We downloaded gene expression data from three different transcriptome datasets from the Gene Expression Omnibus (GEO) database¹⁵where mothers have been diagnosed with gestational diabetes, i.e., GSE87295, GSE103552, and GSE70493, along with the normal counterparts. To get the differentially expressed genes (DEGs) from the above datasets, we used the ‘DESeq2‘¹⁶ and ‘limma‘¹⁷ tools. In the case of GSE103552, we directly used the results provided by the authors. As the datasets were obtained from different sequencing platforms, we processed the datasets using the raw reads to obtain the DEGs. This approach allows for ensuring statistical robustness and eliminating any batch effects. We further selected up- and downregulated genes based on LogFC values ( > = 0.5) in the case of GSE87295 and GSE103552. In the case of GSE70493, LogFC values considered were > = 0.1 due to the lower range of LogFC throughout the data. Next, we took the union of all the up- and downregulated genes for further analyses.

Gene enrichment analyses

We did gene enrichment analyses to obtain enriched biological processes, cellular components, and molecular functions associated with the up- and downregulated genes. We used the “clusterProfiler 4.0”¹⁸ R package for the analyses. First, we used the ‘enrichGO’ function to characterize the processes, ‘org.Hs.eg.db’ as the human database, minGSSize (minimum gene size) as 10, and maxGSSize (maximum gene size) as 500. Next, we removed the redundant terms using the ‘simplify’ function with a cutoff value of 0.8, ‘p.adjust’ as a statistical measure, ‘min’ as select_fun, and “Wang” as a measure. We used Enrichr integrated Kyoto Encyclopedia of Genes and Genomes’ (KEGG) module to perform the KEGG pathway^19,20,21 and disease ontology analysis associated with the up- and down-regulated genes.

Integration of epigenomic data

We downloaded the dataset provided by Lu et al.²²where he profiled DNA methylation in GDM patients and matched controls. We downloaded the processed data and obtained the list of hyper- and hypomethylated genes as per delta values, which is defined as the difference between the mean methylation value obtained in GDM patients and the mean methylation value obtained in controls. If the delta value is positive, the gene is called hypermethylated, and if it is negative, it is called hypomethylated.

Immune cell infiltration analysis

We used CIBERSORTx²³ to estimate the infiltration of 22 different immune cells in GDM and normal samples. Gene expression of case and control was used separately as an input file. We used the default ‘LM22’ gene signature, ‘B-mode’ as the batch correction mode since the datasets belong to different platforms, and ‘100’ for permutations for significance. We further computed the Spearman’s correlation among the enriched immune cell types in GDM patients.

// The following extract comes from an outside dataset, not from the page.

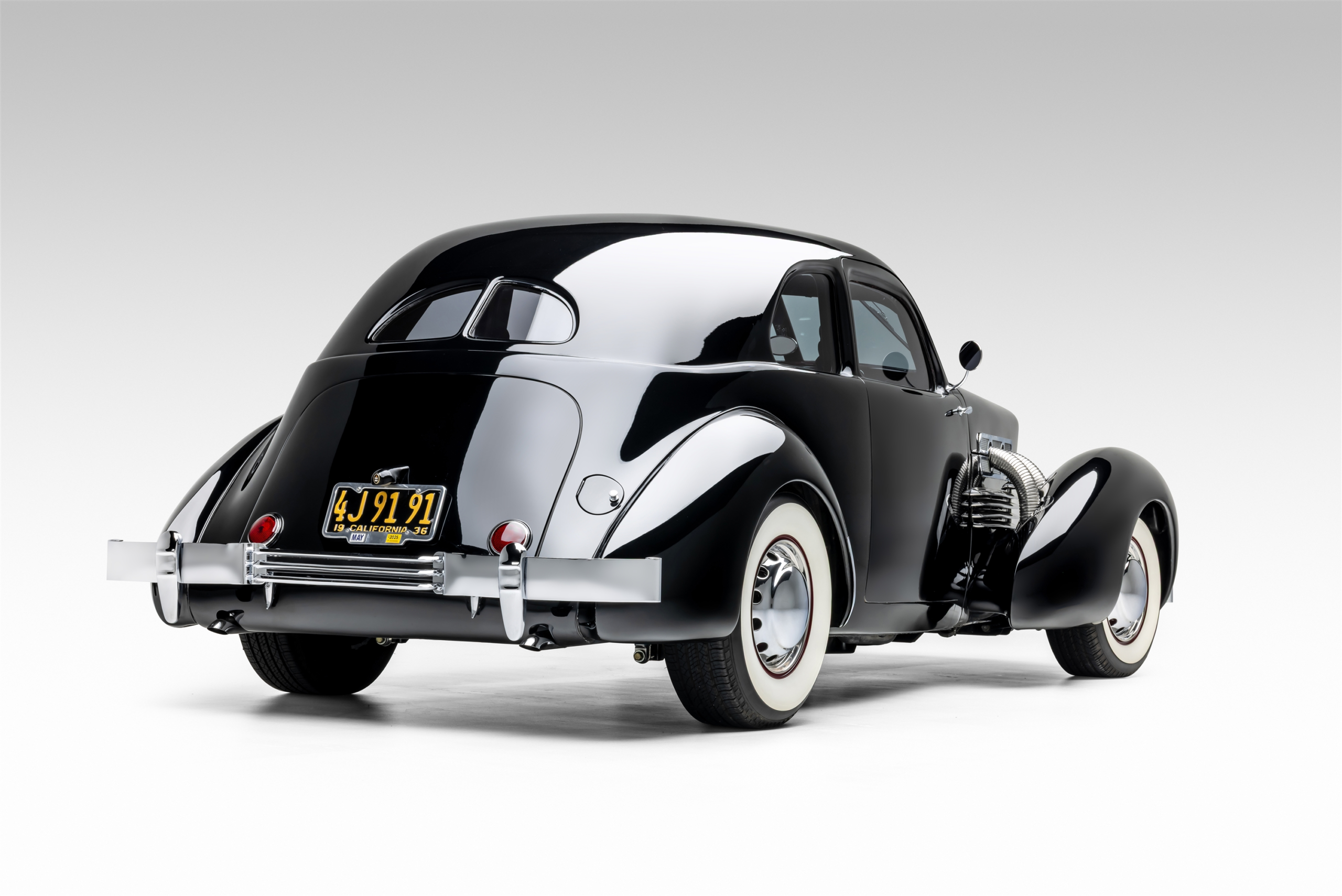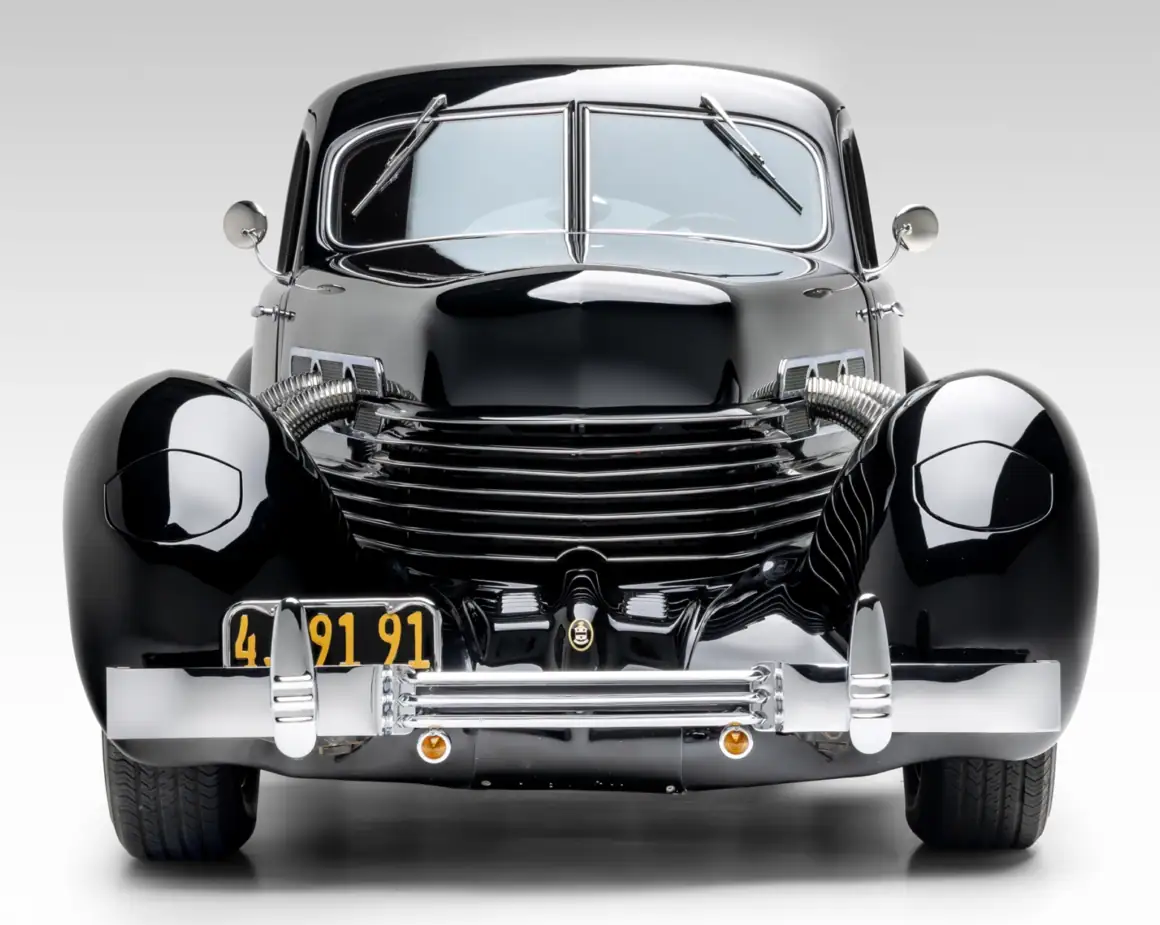 La Cord 810 avait été introduite sur le marché des automobiles de luxe à la fin de 1935 pour l’année modèle 1936 et est revenue pour 1937 sous le nom de 812 avant que “Auburn Automobile Company” ne cesse la fabrication de la marque Cord car ne pouvant survivre à la “Grande Crise” qui avait débuté fin des années ’20. Le style Cord dessiné par Gordon Buehrig comprenait un profil avant en forme de “nez de cercueil” (Coffin-noose).

Protein-Protein interaction (PPI) network and hub genes characterization

We further investigated if there is an existence of correlations among DEGs proteins; we performed a PPI analysis using the STRING database²⁴. In the SEARCH tab, upregulated and downregulated genes were given as input. The species used was Homo sapiens, and a PPI score of 0.7 was used to build the PPI network. We further visualized this network in Cytoscape²⁵ and constructed the subnetwork using the ‘cytoHubba’ plugin. We computed the node score using the degree centrality, which represents the topological feature of the network. Nodes with high scores indicated that the proteins played a crucial role in the obtained network. The top 10 nodes with the highest scores were listed and used for therapeutic analyses.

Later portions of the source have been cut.